Exercise: Could you reproduce, from the records below, everything from the line with "2025新澳門天天精準(zh" down to the line with "Patrick Fey (rechts)", keeping both of those lines and changing nothing?

=-=-=-=-=

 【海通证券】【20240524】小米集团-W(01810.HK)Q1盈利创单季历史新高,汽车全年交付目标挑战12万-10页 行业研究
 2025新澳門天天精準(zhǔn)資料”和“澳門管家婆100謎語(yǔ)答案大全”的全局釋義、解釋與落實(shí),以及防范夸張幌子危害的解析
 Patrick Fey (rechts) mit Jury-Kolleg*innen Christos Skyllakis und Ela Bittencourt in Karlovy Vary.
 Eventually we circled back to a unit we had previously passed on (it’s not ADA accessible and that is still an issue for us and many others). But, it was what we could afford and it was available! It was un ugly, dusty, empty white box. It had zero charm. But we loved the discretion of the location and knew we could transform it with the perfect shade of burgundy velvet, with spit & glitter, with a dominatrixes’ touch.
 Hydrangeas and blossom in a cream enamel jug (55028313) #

=-=-=-=-=

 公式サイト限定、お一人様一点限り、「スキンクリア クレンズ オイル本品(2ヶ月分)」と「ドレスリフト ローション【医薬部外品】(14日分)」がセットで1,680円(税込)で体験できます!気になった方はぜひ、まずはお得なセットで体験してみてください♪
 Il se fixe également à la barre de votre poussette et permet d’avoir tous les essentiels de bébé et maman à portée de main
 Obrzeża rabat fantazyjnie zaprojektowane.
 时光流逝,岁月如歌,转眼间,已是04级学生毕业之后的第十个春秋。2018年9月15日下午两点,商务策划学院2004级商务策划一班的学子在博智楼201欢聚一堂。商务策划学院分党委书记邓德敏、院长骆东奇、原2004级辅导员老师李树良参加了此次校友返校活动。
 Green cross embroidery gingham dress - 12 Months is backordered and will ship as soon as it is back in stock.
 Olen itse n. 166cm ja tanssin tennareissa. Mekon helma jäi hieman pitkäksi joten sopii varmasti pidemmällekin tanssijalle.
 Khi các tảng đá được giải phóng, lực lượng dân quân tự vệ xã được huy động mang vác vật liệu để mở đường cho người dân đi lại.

=-=-=-=-=

Expected output:
 2025新澳門天天精準(zhǔn)資料”和“澳門管家婆100謎語(yǔ)答案大全”的全局釋義、解釋與落實(shí),以及防范夸張幌子危害的解析
 Patrick Fey (rechts) mit Jury-Kolleg*innen Christos Skyllakis und Ela Bittencourt in Karlovy Vary.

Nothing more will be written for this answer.